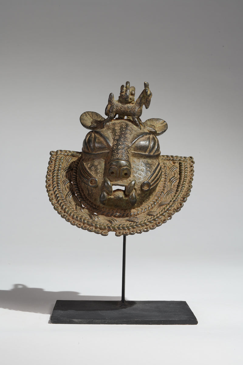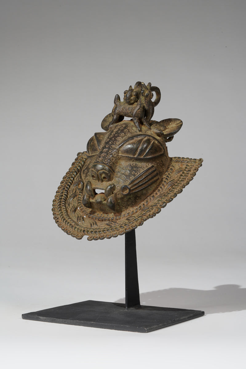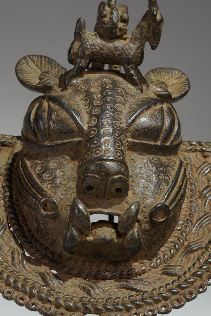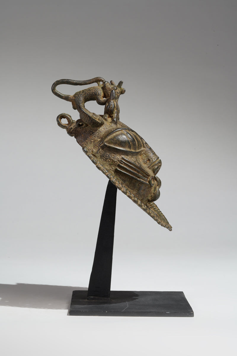 Uhunmwu-Ẹkuẹ are one of the best-known categories of Benin artworks. A range of human and animal heads are depicted, hence the term ‘mask’, although they were not used to cover the face. Sometimes known as ‘hip masks’, they may be worn on the belt or hung at the hip as seen cast on relief plaques and in the carved motifs on altar tusks. Many pendant masks have a series of eyelets around the edge of the lower portion, to which small crotal bells were attached, and as the wearer moved they would have chimed.
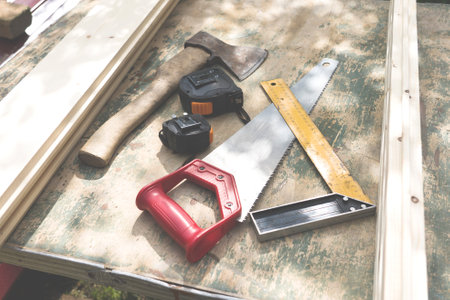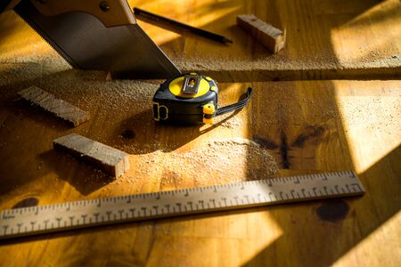 Hamer chisel Tape measure Ruler Collection of old and new woodworking handtools on a rough workbench wooden
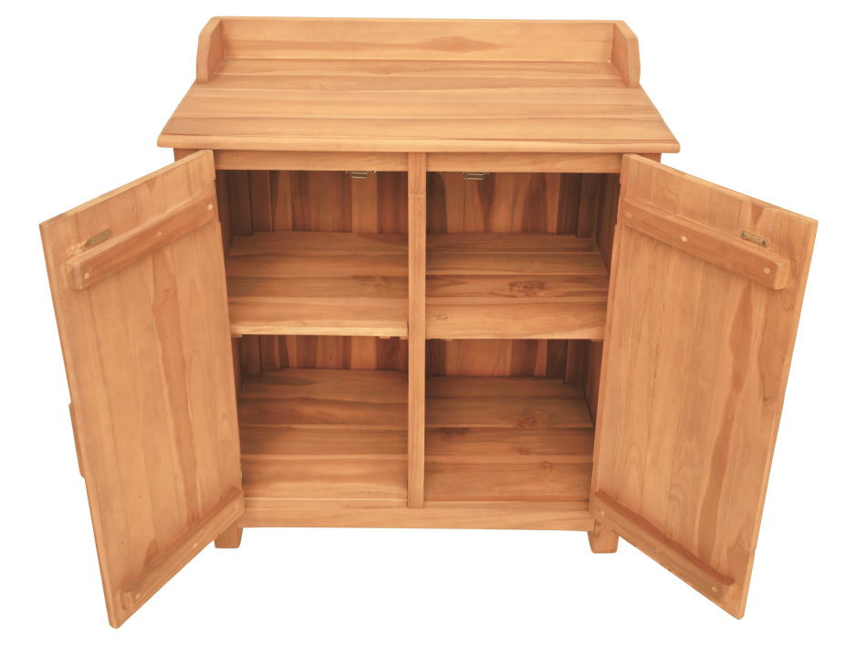 Der Gartenschrank Batley Teak mit Arbeitsfläche besteht aus zertifiziertem Plantagen Vollholz Teak, das durch seine glatte Oberfläche ein angenehmes haptisches Erlebnis bietet und gleichzeitig robust wirkt. Das Material ist von Natur aus witterungsbeständig gegen Sonne und Regen und damit wie geschaffen für die Nutzung im Freien. Die kompakten Maße von etwa 90 cm Breite, 80 cm Höhe und 45 cm Tiefe machen den Schrank flexibel platzierbar und vielseitig nutzbar – als Tisch, Stauraum und Regal zugleich.
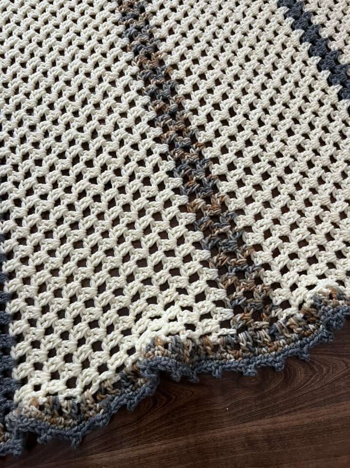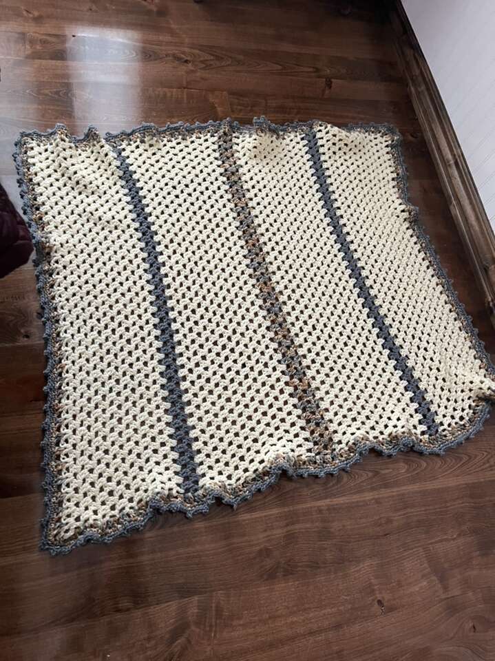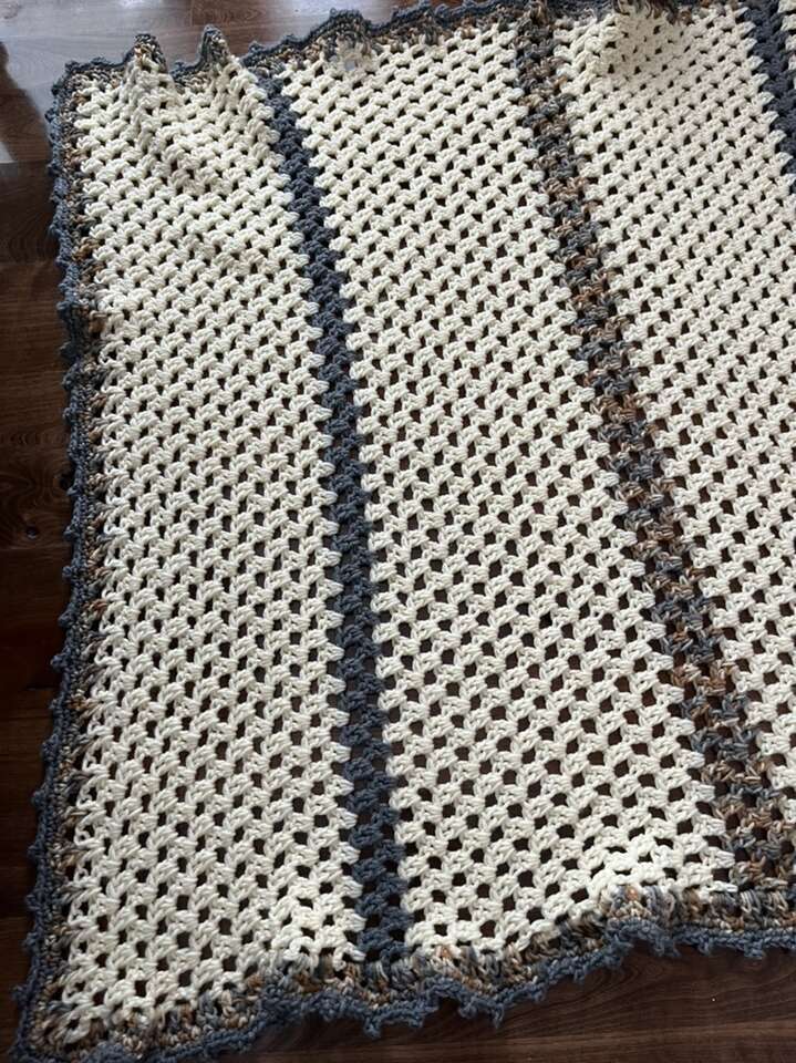 Handmade afghan 46 X 37 new! Cream/gray and tan
—————
Activity:
Where a picture appears in the material above, skip it, and print the rest exactly.

Reply to the task:
 Uhunmwu-Ẹkuẹ are one of the best-known categories of Benin artworks. A range of human and animal heads are depicted, hence the term ‘mask’, although they were not used to cover the face. Sometimes known as ‘hip masks’, they may be worn on the belt or hung at the hip as seen cast on relief plaques and in the carved motifs on altar tusks. Many pendant masks have a series of eyelets around the edge of the lower portion, to which small crotal bells were attached, and as the wearer moved they would have chimed.
 Hamer chisel Tape measure Ruler Collection of old and new woodworking handtools on a rough workbench wooden
 Der Gartenschrank Batley Teak mit Arbeitsfläche besteht aus zertifiziertem Plantagen Vollholz Teak, das durch seine glatte Oberfläche ein angenehmes haptisches Erlebnis bietet und gleichzeitig robust wirkt. Das Material ist von Natur aus witterungsbeständig gegen Sonne und Regen und damit wie geschaffen für die Nutzung im Freien. Die kompakten Maße von etwa 90 cm Breite, 80 cm Höhe und 45 cm Tiefe machen den Schrank flexibel platzierbar und vielseitig nutzbar – als Tisch, Stauraum und Regal zugleich.
 Handmade afghan 46 X 37 new! Cream/gray and tan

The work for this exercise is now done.